I am now another year older. It makes me stop and think about where I am and where I hope to be. Ten years ago, I would not have imagined myself to be where I am. First of all, I was of a completely different mindset then and thought I would end up in China, but that’s another story for another day. Regardless of that, I always would have imagined that I would have kids by this age. My mom was this age when she had my older sister, so I figured I would be on a similar timeline. But now that I’m here, I can’t really imagine being a mom at this moment. I definitely want kids some day and look forward to being a parent, but today’s not that day.

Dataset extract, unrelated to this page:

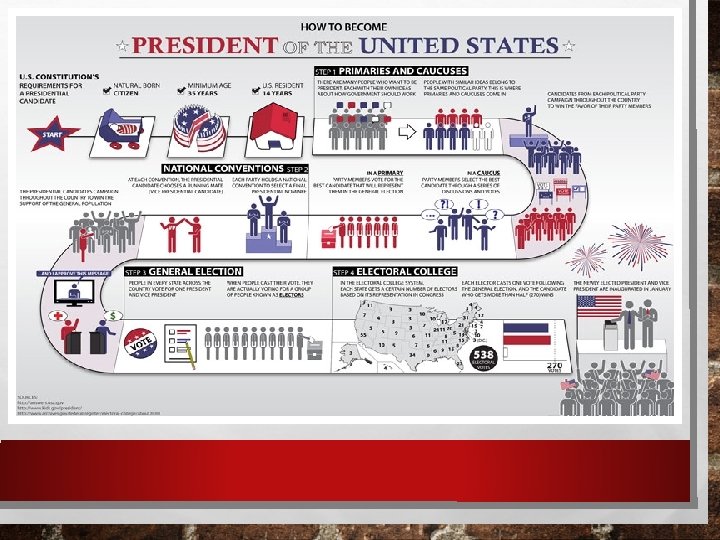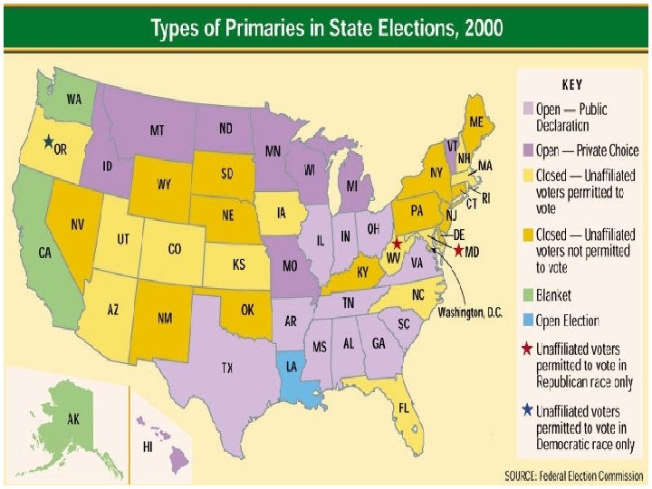 CLOSED VS OPEN PRIMARY • ARGUMENTS IN FAVOR OF A CLOSED PRIMARY • IT PREVENTS ONE PARTY FROM “RAIDING” THE OTHER PRIMARY IN HOPES OF NOMINATING A WEAKER CANDIDATE • IT HELPS MAKE CANDIDATES MORE RESPONSIVE TO THE PLATFORM (IT’S MEMBERS) • MAKES VOTERS MORE THOUGHTFUL B/C THEY HAVE TO IDENTIFY WITH A PARTY IN ORDER TO VOTE • ARGUMENTS AGAINST A CLOSED PRIMARY • IT COMPROMISES THE SECRECY OF THE BALLOT BECAUSE VOTERS HAVE TO IDENTIFY WITH A PARTICULAR PARTY • IT EXCLUDES INDEPENDENT VOTERS FROM THE VOTING PROCESS

I feel that there are so many things that I want to accomplish first. And even here, in my mid-to-late-twenties, I’m feeling like I’m running out of time. There are many things in my life that I am so thankful for and know I’m in the exact right place, but there are other things that make me wonder how I got here. The problem arises, however, when I realize that I don’t know how to change it. I can write down a list of goals and steps, but that doesn’t ensure my getting to where I want to be.

I stand here, ready to make the next step… but I don’t know what step that is. I feel a little lost and overwhelmed. I try to take one day at a time, but I want to make sure they are leading somewhere. Now that I’m not so consumed with my day-to-day health, I want to make sure that I am living a purposeful life. I think that’s my main goal for the coming year. To live each day on purpose. I know that’s a somewhat cliché thing to say, but I really mean it. I want to continue moving forward in a manner that’s moving towards something. Whether we’re 27 or 72, we never know how much time we have left. I want to take advantage of each day I’m given.